From mboxrd@z Thu Jan  1 00:00:00 1970
Return-Path: <linux-btrfs-owner@vger.kernel.org>
Received: from resqmta-ch2-12v.sys.comcast.net ([69.252.207.44]:33381 "EHLO
	resqmta-ch2-12v.sys.comcast.net" rhost-flags-OK-OK-OK-OK)
	by vger.kernel.org with ESMTP id S1751072AbaLHFcG (ORCPT
	<rfc822;linux-btrfs@vger.kernel.org>);
	Mon, 8 Dec 2014 00:32:06 -0500
Message-ID: <548537D1.7070602@pobox.com>
Date: Sun, 07 Dec 2014 21:32:01 -0800
From: Robert White <rwhite@pobox.com>
MIME-Version: 1.0
To: Martin Steigerwald <Martin@lichtvoll.de>,
        Shriramana Sharma <samjnaa@gmail.com>
CC: linux-btrfs <linux-btrfs@vger.kernel.org>
Subject: Re: Why is the actual disk usage of btrfs considered unknowable?
References: <CAH-HCWU9GEjvZLH=rwYev_O0S4_Cs9FJvRiJgBiOK8gdxqK5CQ@mail.gmail.com> <44320137.fRRuR6EFMP@merkaba> <1610909.CxuY1Bb9iL@merkaba>
In-Reply-To: <1610909.CxuY1Bb9iL@merkaba>
Content-Type: text/plain; charset=windows-1252; format=flowed
Sender: linux-btrfs-owner@vger.kernel.org
List-ID: <linux-btrfs.vger.kernel.org>

On 12/07/2014 07:40 AM, Martin Steigerwald wrote:
> Well what would be possible I bet would be a kind of system call like this:
>
> I need to write 5 GB of data in 100 of files to /opt/mynewshinysoftware, can I
> do it *and* give me a guarentee I can.
>
> So like a more flexible fallocate approach as fallocate just allocates one file
> and you would need to run it for all files you intend to create. But challenge
> would be to estimate metadata allocation beforehand accurately.
>
> Or have tar --fallocate -xf which for all files in the archive will first call
> fallocate and only if that succeeded, actually write them. But due to the
> nature of tar archives with their content listing across the whole archive,
> this means it may have to read the tar archive twice, so ZIP archives might be
> better suited for that.
>

What you suggest is Still Not Practical™ (the tar thing might have some 
ability if you were willing to analyze every file to the byte level).
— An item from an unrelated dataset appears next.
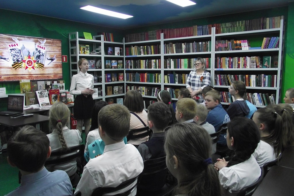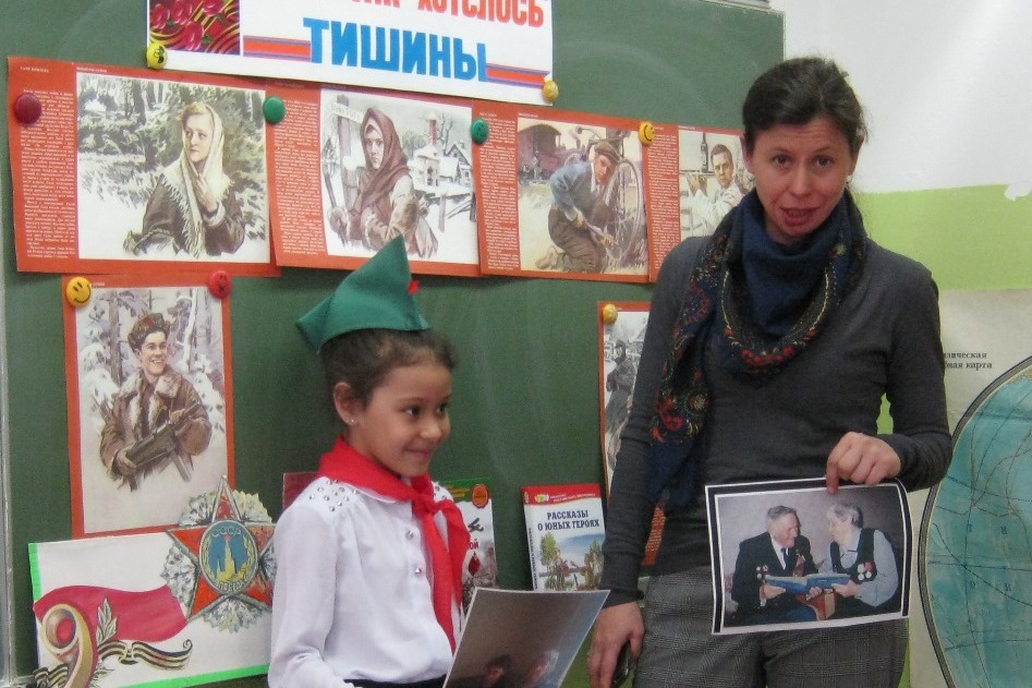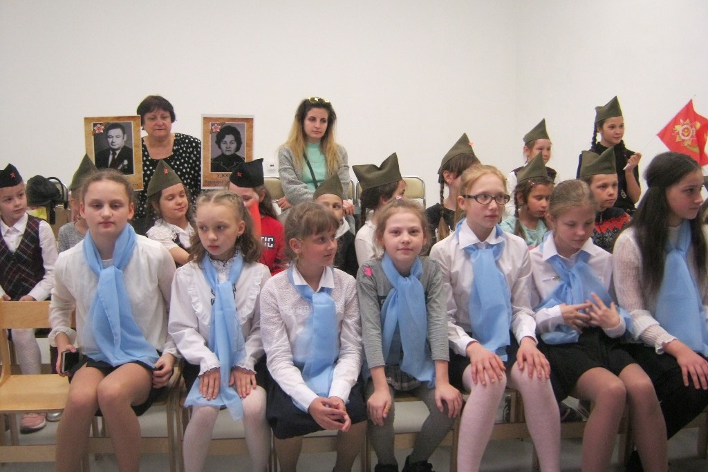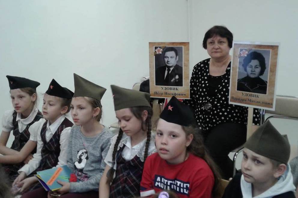 Второклассники школы №54 в библиотеке № 15, подготовили рассказы о юных детях-героях. Каждый выучили и текст, рассказывающий о подвиге пионера, и стихи, посвященные героическим именам. Ангелина Бушля и ее мама Юлия Станиславовна рассказали о своей бабушке, работающей на колхозных полях в 11 лет. Рассказали и о дедушке Савченко Иване Станиславовиче, участнике Великой Отечественной войны, дошедшего до Берлина, поднимавшегося на крышу Рейхстага.

Compression _can_ make a file _bigger_ than its base size. BTRFS decides 
whether or not to compress a file based on the results it gets when 
tying to compress the first N bytes. (I do not know the value of N). But 
it is _easy_ to have a file where the first N bytes compress well but 
the bytes after N take up more space than their byte count. So to 
fallocate() the right size in blocks you'd have to compress the input 
and determine what BTRFS _would_ _do_ and then allocate that much space 
instead of the file size.

And even then, if you didn't create all the names and directories you 
might find that the RBtree had to expand (allocate another tree node) 
one or more times to accommodate the actual files. Lather rinse repeat 
for any checksum trees and anything hitting a flush barrier because of 
commit= or sync() events or other writers perturbing your results 
because it only matters if the filesystem is nearly full and nearly full 
filesystems may not be quiescent at all.

So while the core problem isn't insoluble, in real life it is _not_ 
_worth_ _solving_.

On a nearly empty filesystem, it's going to fit.
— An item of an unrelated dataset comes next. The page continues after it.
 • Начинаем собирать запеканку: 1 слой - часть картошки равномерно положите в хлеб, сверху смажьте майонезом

In a reasonably empty filesystem, it's going to fit.

On a nearly full filesystem, it may or may not fit.

On a filesystem that is so close to full that you have reason to doubt 
it will fit, you are going to have a very bad time even if it fits.

If you did manage to invent and implement an fallocate algorythm that 
could make this promise and make it stick, then some other running 
program is what's going to crash when you use up that last byte anyway.

Almost full filesystems are their own reward.